Если спросить себя, удается ли человеку на протяжении жизни сохранить душу такой, какой она была при его появлении на свет, то, к сожалению, придется ответить, что это случается крайне редко. Душа много прожившего и много испытавшего человека подобна отцветшему саду, над которым не раз бушевало ненастье: и градом било его, и молнией раскалывало самые высокие деревья, и скотина вытаптывала стебли подсолнуха у дороги… Блажен тот, кто после всех отшумевших бед мог оглянуться и увидеть, что не все уничтожено стихией, что хоть одно сбитое градом семя пошло в рост и его цветок зовет первую вечернюю звезду, чтобы покачать ее на своих лепестках, как пчелку…
Вот такое мгновение, вероятно, вспомнилось Лесному Царю, и он не смахивал слез, которые сбегали по шершавой коже щек, как внезапно заморосивший над ивняком дождик, и капали на приклад старого карабина…
Это небольшое село по ту сторону Огосты — его дома́ проглядывали сквозь ветви ивняка, невысокие, небрежно разбросанные среди бурых пашен и зеленых полей овса — хранило в своей земле прах трех летчиков. Размышляя об их участи, старый учитель спрашивал себя, что поманило в бескрайние просторы неба этих деревенских мальчишек, которые летом пасли у железнодорожной насыпи коров и лошадей, а осенью шагали за плугом по полю, где земля такая вязкая, что с трудом вытаскиваешь ноги, и кажется, что, если не успеешь вовремя высвободиться, то навсегда останешься ее пленником, — как дерево, как вросший в трясину камень… Что поманило в облака этих преданных земле людей? Ведь они могли до глубокой старости пахать и сеять, покрикивать на коров, отбившихся от стада, по вечерам слушать, как внуки напевно читают стихотворение, а за окном шумит дождь, пахнущий виноградным суслом. Должно быть, из всех здешних обитателей, которых жизнь приучила к покорности и обольщала куском, шагая впереди, а они безропотно следовали за ней, как идет за хозяином коза или собака, в ожидании его милостей, эти ребята были единственными, кто сохранил в душе детскую мечту, дерзновенность, самоотверженность. Они не сознавали, что это — их крест, на котором они будут распяты, заплатив за дерзновение нестерпимой мукой.

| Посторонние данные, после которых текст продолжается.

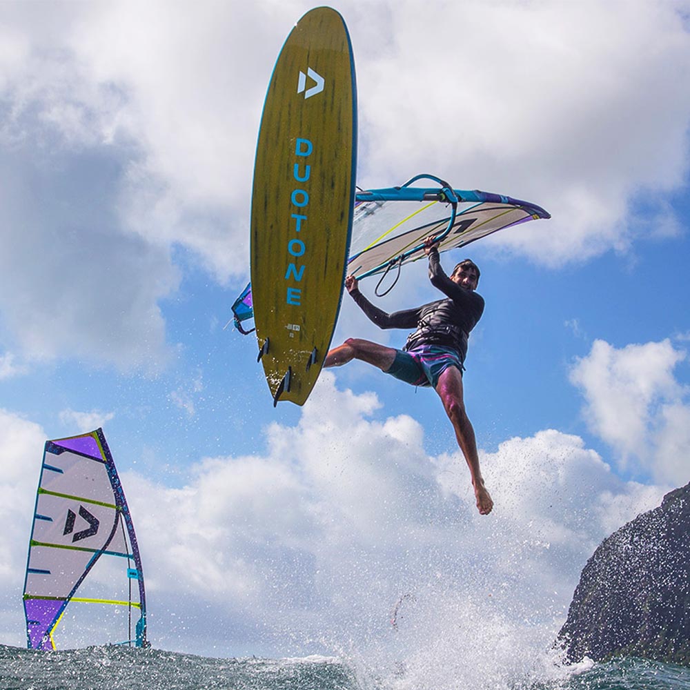 As one of the H2O riders I have really enjoyed the variety of kit H2O have available. Including the Duotone sky surf 35Ltr which quickly become my favourite board because of its shorter and thicker shape while being low in litres it still allows me to get it out the water in some lighter winds. However it comes into its own when the wind is strong and the waves are pumping with its incredible manoeuvrability. Paired with the Duotone units (that are light weight and precisely balanced) wave riding is a dream.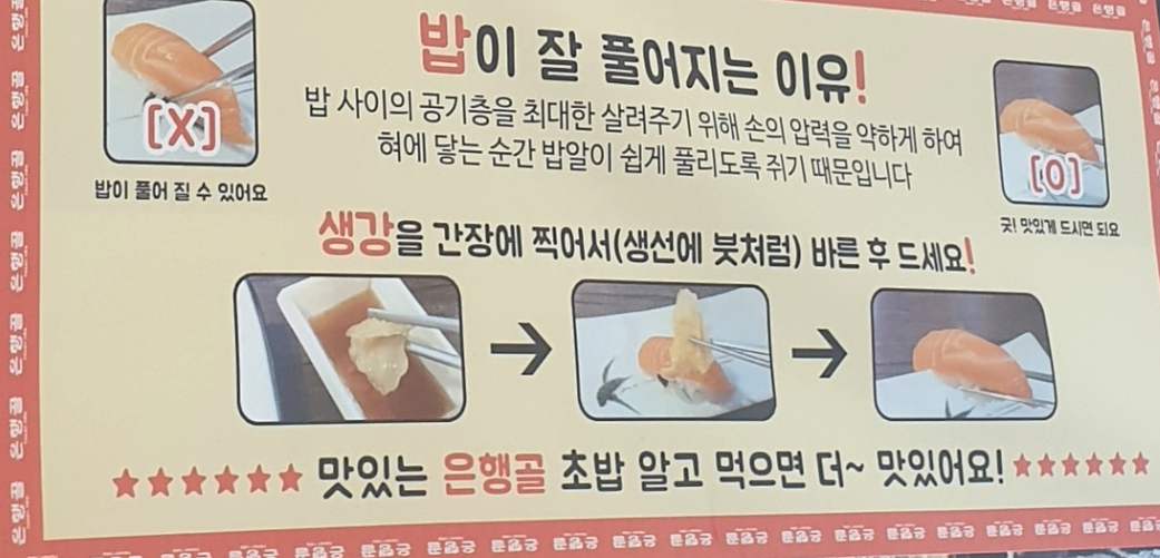 '은행골' 초밥은 이렇게 숟가락에 올려서 생각으로 간장을 발라서 먹어야 합니다.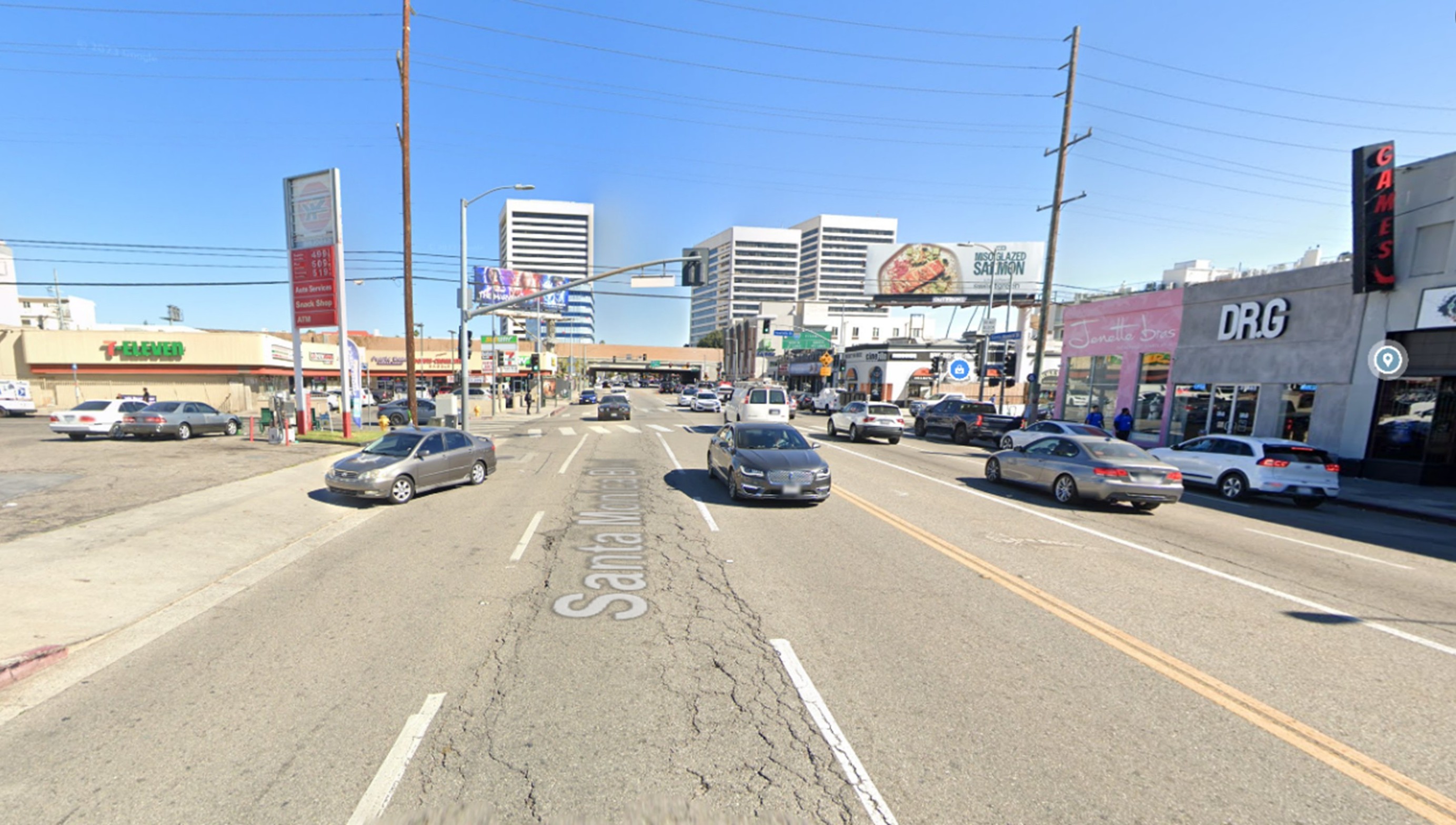 (2024)* - Looking east on Sunset Boulevard from near Occidental Boulevard (about 2751 Sunset Boulevard).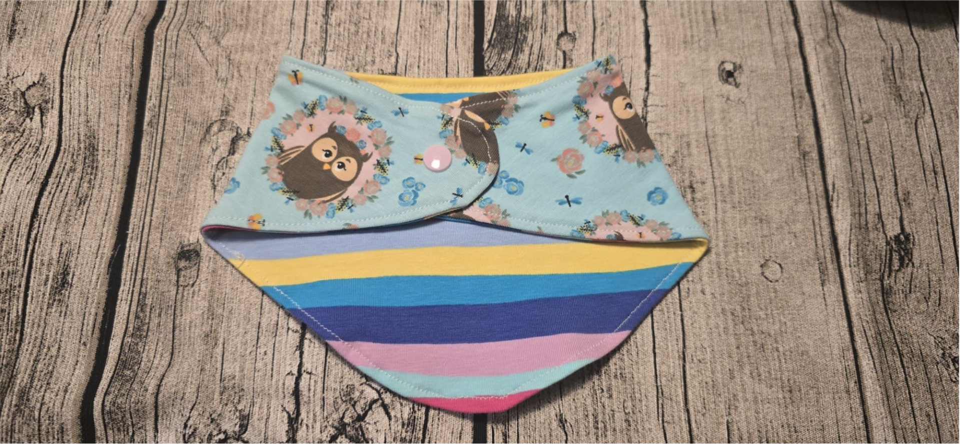 Handmade Halstuch Eulen- Multicolor mit Druckknopf

Узнав о гибели первого летчика — было это в ноябре сорок третьего — Христофор Михалушев отпустил учеников с урока. Он видел, как они, позабыв про скорбную весть, весело разбегаются по домам — дети всегда радуются сорвавшемуся уроку. Учитель нарвал букет георгин и пошел на станцию. Жара стояла, как в августе, асфальт сквозь подметки жег ступни, георгины увяли раньше, чем он дошел до излучины. Неудобно класть такие цветы у гроба покойного, но взять другие было негде… В поезде учитель всю дорогу молча стоял в коридоре плотно набитого вагона. В окно было видно окутанную дымкой гору — легкую и бесплотную, привязанную к земле бесчисленными нитями осенней паутины…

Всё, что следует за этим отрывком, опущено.